如果leader不在最终assignment中,(案例中topicA的p1和p2分区原来leader都是333,但是333被移除了,replicas变为111和222)需要重新选主;

反之(案例中topicA的p0分区,原来leader是111),leader不会变化,发送LeaderAndIsr(包含最终assignment)给最终的副本brokers集合。

private def moveReassignedPartitionLeaderIfRequired(topicPartition: TopicPartition,
                                                      newAssignment: ReplicaAssignment): Unit = {
    val reassignedReplicas = newAssignment.replicas
    val currentLeader = controllerContext.partitionLeadershipInfo(topicPartition).leaderAndIsr.leader
    if (!reassignedReplicas.contains(currentLeader)) {
      // case1 如果partition leader不在最终分配里
      // 重新选举partition leader,isr列表中选取存活副本,发送LeaderAndIsrRequest
      partitionStateMachine.handleStateChanges(Seq(topicPartition), OnlinePartition, Some(ReassignPartitionLeaderElectionStrategy))
    } else if (controllerContext.isReplicaOnline(currentLeader, topicPartition)) {
      // case2 【这保证了assignment即使replica无序也不会重新触发选主】
      // leader在新分配里且存活
      // 更新leader epoch,发送LeaderAndIsrRequest给所有目标副本
      // 这些副本更新内存partition信息
      updateLeaderEpochAndSendRequest(topicPartition, newAssignment)
    } else {
      // case3 leader在新分配里但死亡,同1
      partitionStateMachine.handleStateChanges(Seq(topicPartition), OnlinePartition, Some(ReassignPartitionLeaderElectionStrategy))
    }
  }

与上一章topic创建选主流程一致:

1)选主;

2)更新LeaderAndIsr到/brokers/topics/{topic}/partitions/{partitionId}/state节点;

3)缓存到controllerContext;

4)发送LeaderAndIsrRequest给partition内的副本;

Election#leaderForReassign:唯一不同的是选主策略。

topic创建时选择存活副本中第一个作为初始leader。

本次在reassign中,从isr+目标存活副本中过滤出一个副本作为leader

  private def leaderForReassign(partition: TopicPartition,
                                leaderAndIsr: LeaderAndIsr, // from zk
                                controllerContext: ControllerContext): 
ElectionResult = {
    // 目标副本111和222
    val targetReplicas = controllerContext.partitionFullReplicaAssignment(partition).targetReplicas
    // 目标存活副本111和222
    val liveReplicas = targetReplicas.filter(replica => controllerContext.isReplicaOnline(replica, partition))
    // zk里的p1分区的状态 leader=333,isr=111和222和333
    val isr = leaderAndIsr.isr
    // 从isr+目标存活副本中过滤出一个副本作为leader
    val leaderOpt = PartitionLeaderElectionAlgorithms.reassignPartitionLeaderElection(targetReplicas, isr, liveReplicas.toSet)
    val newLeaderAndIsrOpt = leaderOpt.map(leader => leaderAndIsr.newLeader(leader))
    ElectionResult(partition, newLeaderAndIsrOpt, targetReplicas)
  }

  def reassignPartitionLeaderElection(reassignment: Seq[Int], isr: Seq[Int], liveReplicas: Set[Int]): Option[Int] = {
    reassignment.find(id => liveReplicas.contains(id) && isr.contains(id))
  }

2-6-2、移除副本下线

【4】KafkaController#stopRemovedReplicasOfReassignedPartition:controller对变更下线replica状态变更

OnlineReplica→OfflineReplica→ReplicaDeletionStarted→ReplicaDeletionSuccessful→NonExistentReplica。
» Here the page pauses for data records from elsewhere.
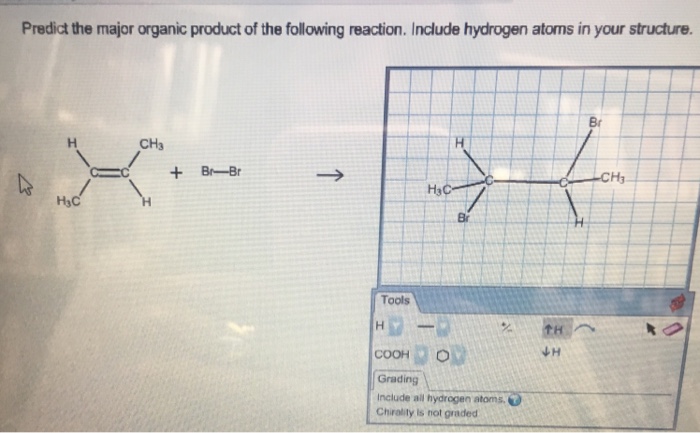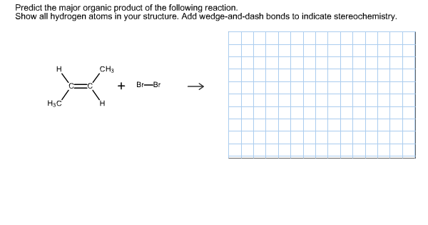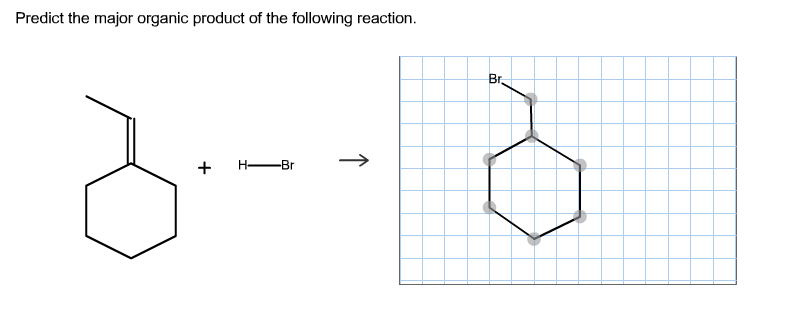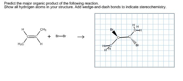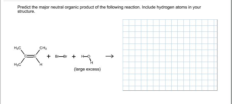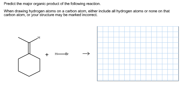 When drawing hydrogen atoms on a carbon atom, either include all hydrogen atoms or none on that carbon atom, or your structure may be marked incorrect draw the structure of the alkene that reacts with hbr to give the following alkyl bromide as the major organic product predict the product for the following. Predict the major product(s) of the following reaction, giving regiochemical and/or stereochemical details as relevant. When drawing hydrogen atoms on a carbon atom, either include all hydrogen atoms or none on that carbon atom, or your structure may be.
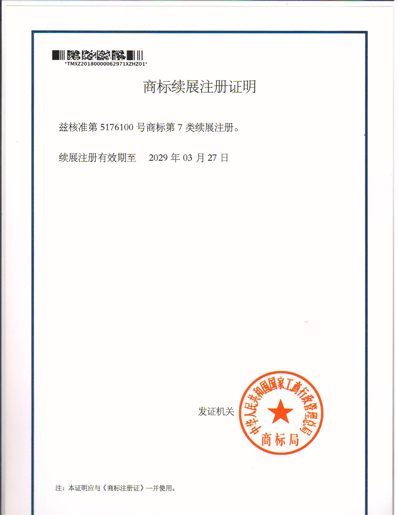 第“5176100”7类商标续展注册证明下达
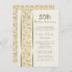 Convite de aniversário de bodas de cinquenta anos dourado e branco deslumbrante com fundo sutil de listra vertical branca na frente do convite e painel lateral de renda floral dourada elegante e detalhada. O verso do cartão tem padrão de renda dourada correspondente sobre o branco. Personalize a frente do convite com suas informações. O cartão também está disponível em versão retangular na minha loja.
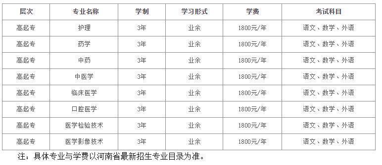 南陽(yáng)醫(yī)學(xué)高等專(zhuān)科學(xué)校成人教育招生專(zhuān)業(yè)一覽表
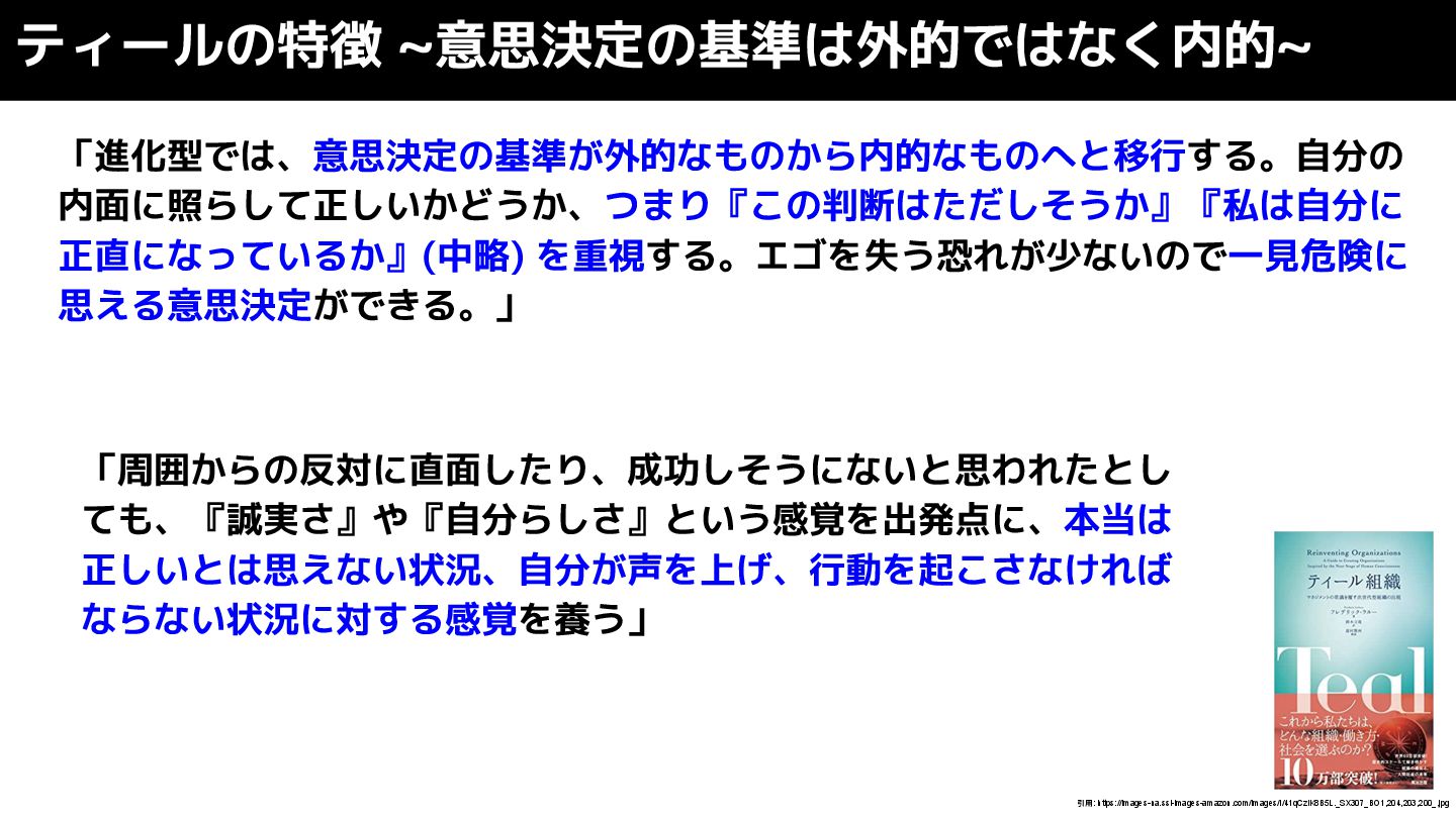 ティールの特徴 ~意思決定の基準は外的ではなく内的~ 引用: https://images-na.ssl-images-amazon.com/images/I/41qCziK8B5L._SX307_BO1,204,203,200_.jpg 「進化型では、意思決定の基準が外的なものから内的なものへと移行する。自分の 内面に照らして正しいかどうか、つまり『この判断はただしそうか』『私は自分に 正直になっているか』(中略) を重視する。エゴを失う恐れが少ないので一見危険に 思える意思決定ができる。」 「周囲からの反対に直面したり、成功しそうにないと思われたとし
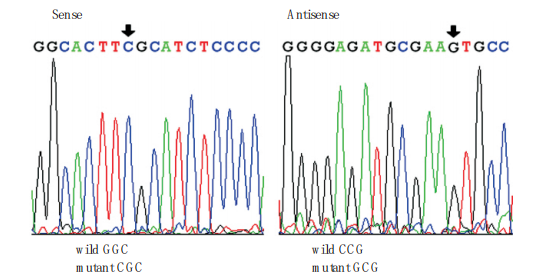 图 3 外周血 DNA 双向测序结果, TTR 基因第 3 个外显子由 GGC 突变为 CGC
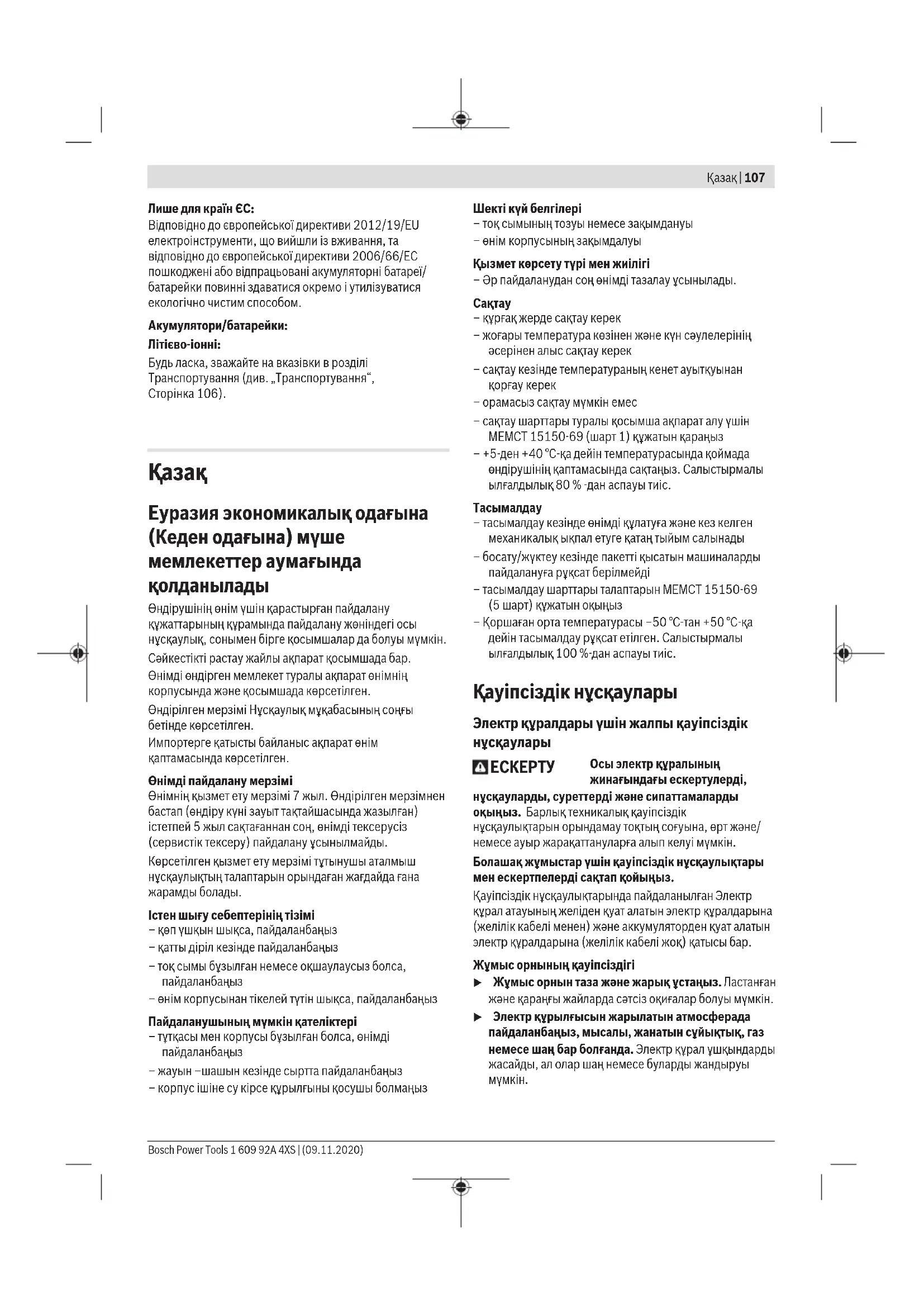Bosch Power Tools 1 609 92A 4XS | (09.11.2020)108 | Қазақ u Балалар мен бақылаушыларды электр құралынан алыс ұстаңыз. Алданулар бақылау жоғалуына алып келуі мүмкін. u Жабдық тұрмыстық жағдайларда, коммерциялық аймақтарда және қоғамдық жерлерде, зиянды және қауіпті өндірістік факторлар жоқ кіші электр тұтынуы бар өндірістік аймақтарында жұмыс істеу үшін
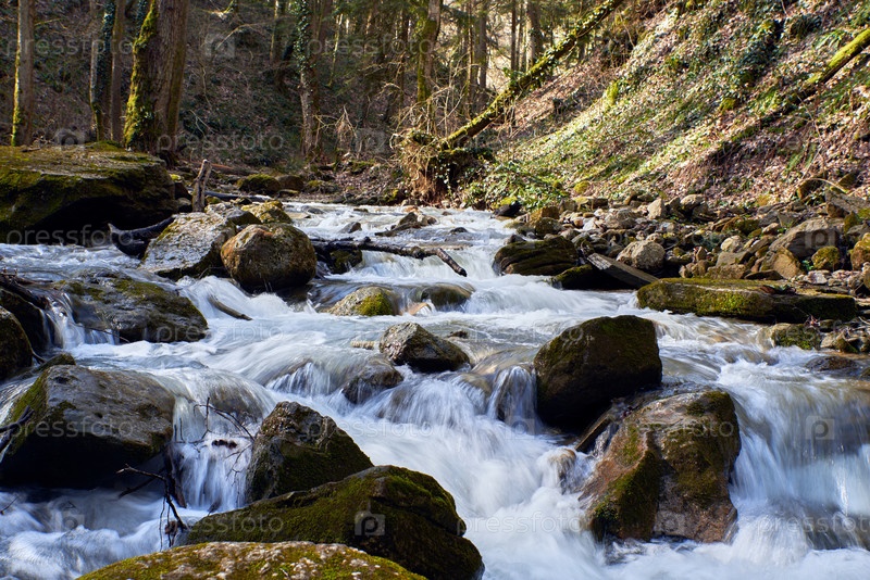 Перекаты горной реки, протекающей через лес, и валуны с зеленым мхом
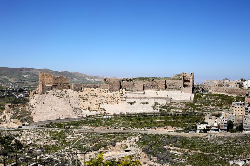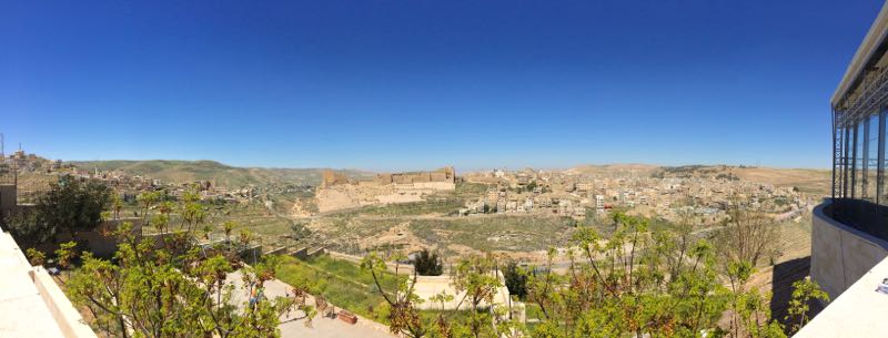 While sitting in the car, I also notice the bruise on my right knee. I was in a rush to leave for the airport and caught myself falling up the stairs with it. I screamed and then froze in pain and though I was dragging it through the airport I’m not letting it slow me down. We stop at the Karak Castle Panorama (Light & Sound) at the upper observation site located 1040 meters up on the southeastern side of the city at noon. There is a restaurant, but we’re not hungry. And there is a guy taking in the view, but he’s not interested in talking with me as I go up some of the stairs for another angle.
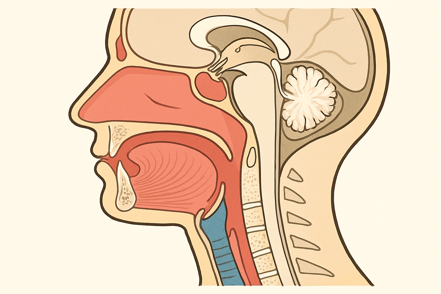Clearly visualize the anatomical landmarks of the airway from the teeth until the arytenoid cartilages.
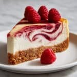 This creamy raspberry cheesecake recipe is an easy and delicious dessert featuring a buttery graham cracker crust, smooth cream cheese filling, and a vibrant raspberry swirl. Baked in a water bath for a perfectly set texture, this cheesecake makes for a delightful treat perfect for any occasion.
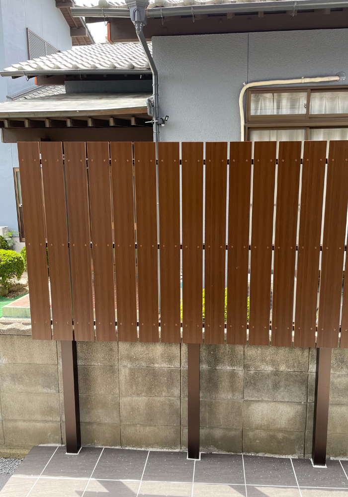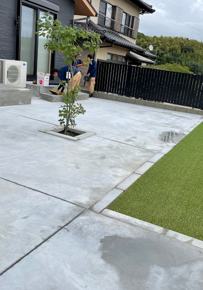 プライバシーを守りつつ開放感を損なわないよう、木調フェンスを設置。庭部分はシンボルツリーと人工芝を組み合わせ、メンテナンス性と景観の両立を図りました。

  private def stopRemovedReplicasOfReassignedPartition(topicPartition: TopicPartition,
                                                       removedReplicas: Seq[Int]): Unit = {
    val replicasToBeDeleted = removedReplicas.map(PartitionAndReplica(topicPartition, _))
    // 将下线replica从isr中移除(zk和内存),并发送StopReplicaRequest(deletePartition=false)
    // 向partition内其他成员发送LeaderAndIsr,因为isr变更了
    replicaStateMachine.handleStateChanges(replicasToBeDeleted, OfflineReplica)
    // 发送StopReplicaRequest(deletePartition=true)给下线replica
    replicaStateMachine.handleStateChanges(replicasToBeDeleted, ReplicaDeletionStarted)
    replicaStateMachine.handleStateChanges(replicasToBeDeleted, ReplicaDeletionSuccessful)
    // 内存移除下线replica状态
    replicaStateMachine.handleStateChanges(replicasToBeDeleted, NonExistentReplica)
  }

ZkReplicaStateMachine#doHandleStateChanges:OfflineReplica状态。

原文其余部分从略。